PROBLEM TO WORK ON = Return, exactly as written, the line containing "Tre fanciful träd: en" and every line after it to the end of the records below, with no pictures.

::::::::

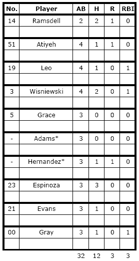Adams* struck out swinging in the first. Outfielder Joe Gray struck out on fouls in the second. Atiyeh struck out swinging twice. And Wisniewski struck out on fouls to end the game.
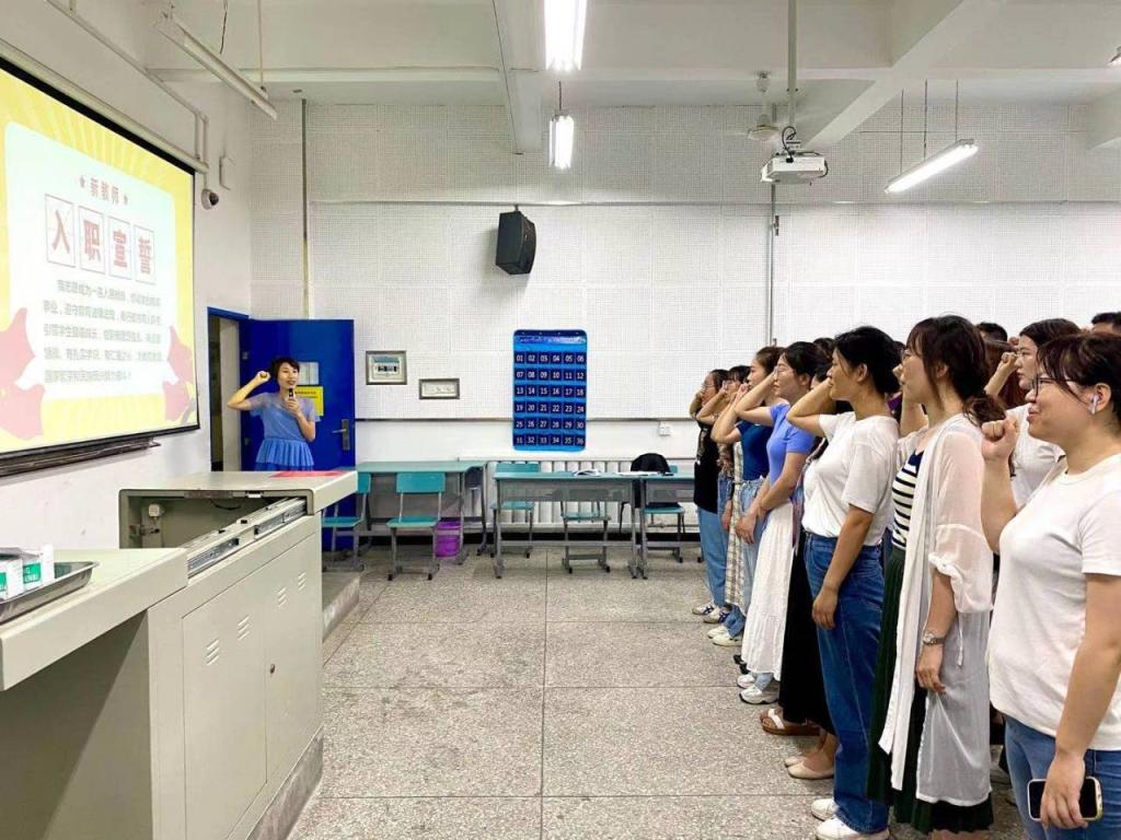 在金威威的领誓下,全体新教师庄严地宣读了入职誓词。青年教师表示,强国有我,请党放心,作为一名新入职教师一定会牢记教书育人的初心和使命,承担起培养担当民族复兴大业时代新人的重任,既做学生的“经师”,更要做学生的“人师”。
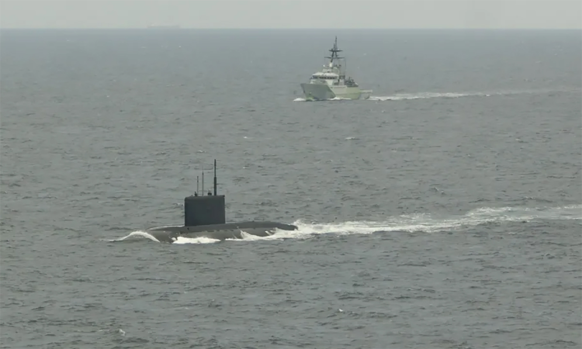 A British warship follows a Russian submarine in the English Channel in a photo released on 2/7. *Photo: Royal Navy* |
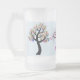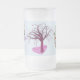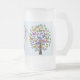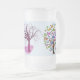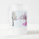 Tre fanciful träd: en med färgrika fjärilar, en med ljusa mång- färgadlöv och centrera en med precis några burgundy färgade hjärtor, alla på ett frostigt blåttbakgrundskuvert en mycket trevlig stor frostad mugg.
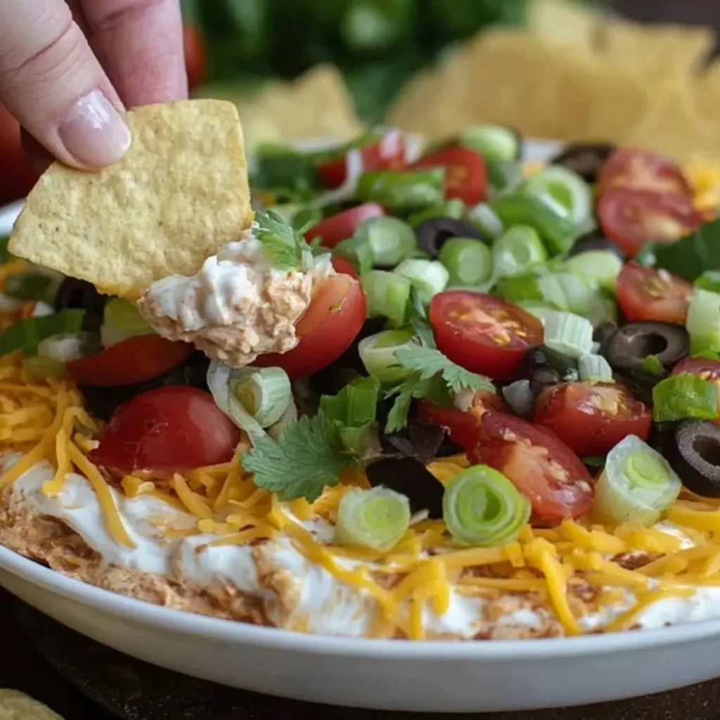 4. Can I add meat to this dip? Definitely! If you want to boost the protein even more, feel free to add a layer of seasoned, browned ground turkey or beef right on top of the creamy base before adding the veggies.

::::::::

OUTPUT =
 Tre fanciful träd: en med färgrika fjärilar, en med ljusa mång- färgadlöv och centrera en med precis några burgundy färgade hjärtor, alla på ett frostigt blåttbakgrundskuvert en mycket trevlig stor frostad mugg.
 4. Can I add meat to this dip? Definitely! If you want to boost the protein even more, feel free to add a layer of seasoned, browned ground turkey or beef right on top of the creamy base before adding the veggies.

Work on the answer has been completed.